As to making the library a meeting place, this is done, I suppose, to some extent but we rarely have any particular trouble from it.
I think the main reason for the order in our library is the separation of the different departments, as we used to have a great deal of trouble when we had but one room for readers, students and children.
Miss Elizabeth Comer, Redwood Falls, Minn.
When I first came here, I sent both boys and girls home; it was seldom necessary to send the same child twice for the same offense. Some of the boys tried a new tack after being sent home once and were then told to stay away until they could conduct themselves properly on the library premises, with the result that I have not been obliged to send a child away from the library for months.
Miss Marie E. Brick, St. Cloud, Minn.
The question of discipline has always been such an easy matter with me and never a problem that it seems rather difficult to state just how the good results are accomplished. We have none of the disfiguring printed signs of warning about; we do not need them. A glance, a word, a motion, at the least sign of uneasiness or noise, and all is quiet.
Any good disciplinarian will say that her methods are the same. It is not what she says or does, but her entire attitude, her manner, her commanding personality, that secure the desired results.

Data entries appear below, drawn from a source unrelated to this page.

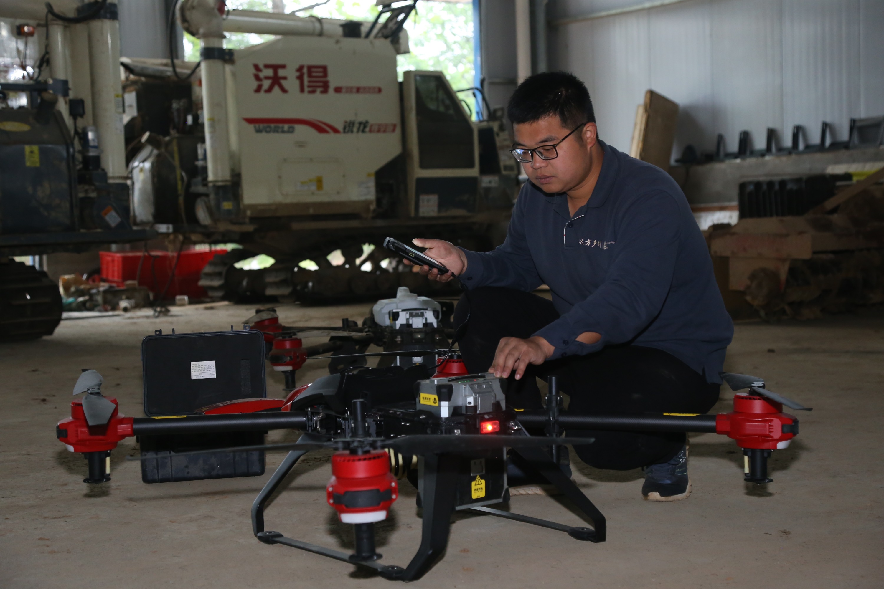 ↑江西高安市石脑镇“90后”种粮大户丁旦在检修农业无人机。(资料照片,高安市委宣传部提供)
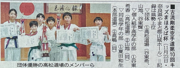ちなみに古流剛柔空手道となっているのは四国新聞の担当者に流派が分かった方がよいとの事で頭につけてもらいました。
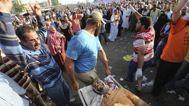 Foto 4 de 12Activistas de los Hermanos Musulmanes evacúan el cadáver de un simpatizante del depuesto presidente egipcio Mohamed Morsi durante un enfrentamiento entre simpatizantes del depuesto presidente y las fuerzas de seguridad en El Cairo (Egipto), 8 de julio de 2013.
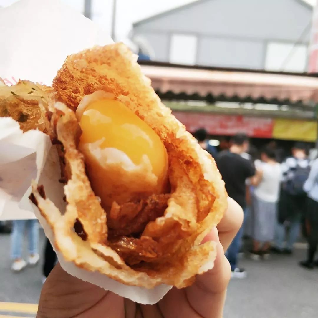 這次挑選的炸蛋蔥油餅,源于臺灣花蓮,與傳統(tǒng)蔥油餅不同的是,炸蛋蔥油餅的餅皮更加外酥內(nèi)軟,進(jìn)一步襯托出輔料以及醬料的香味,加上高溫油炸溏心蛋的爆漿口感,能夠在第一口就抓住食客的味蕾。
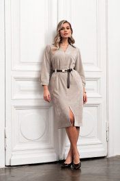 Платье полуприлегающего силуэта слегка зауженное к низу, выполнено из мягкой и качественной ткани Рукав втачной ¾. на манжете. Горловина V -образная с воротником на стойке. По переднему полотнищу карманы и разрез по низу среднего шва. По спинке изделия средний шов. В комплекте с изделием идет пояс.
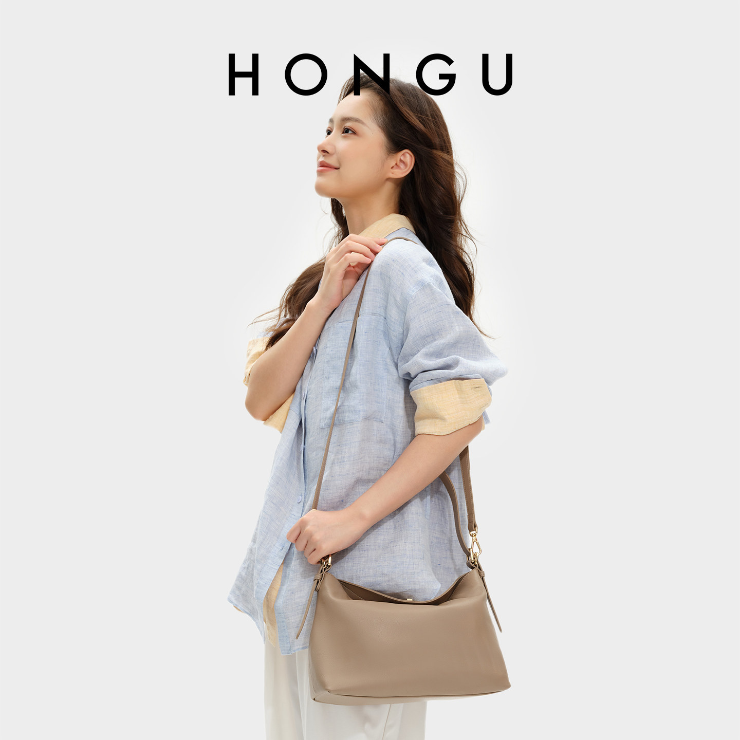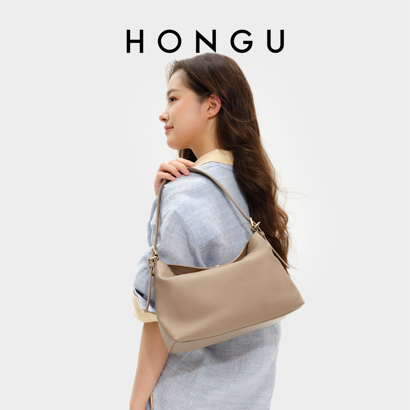红谷包包女2026新款真皮单肩手提包松弛慵懒腋下包休闲斜挎女士包

Our High School pupils never give us any trouble. They enjoy too many privileges as students to abuse them. The school is in the next block, so near that the teachers almost daily excuse a number of them to do supplementary reading in the library during school hours. They hand me a printed slip or pass on entering, which I sign with the time of coming and leaving. These are returned to their respective instructors on returning to the school room. This pass acts as a check on anyone disposed to loiter by the way.
Miss Ella F. Corwin, Elkhart, Ind.
We never have had a great deal of trouble with the discipline. We try to make the children and young people feel that we depend upon them to assist in keeping up the standard of good behavior.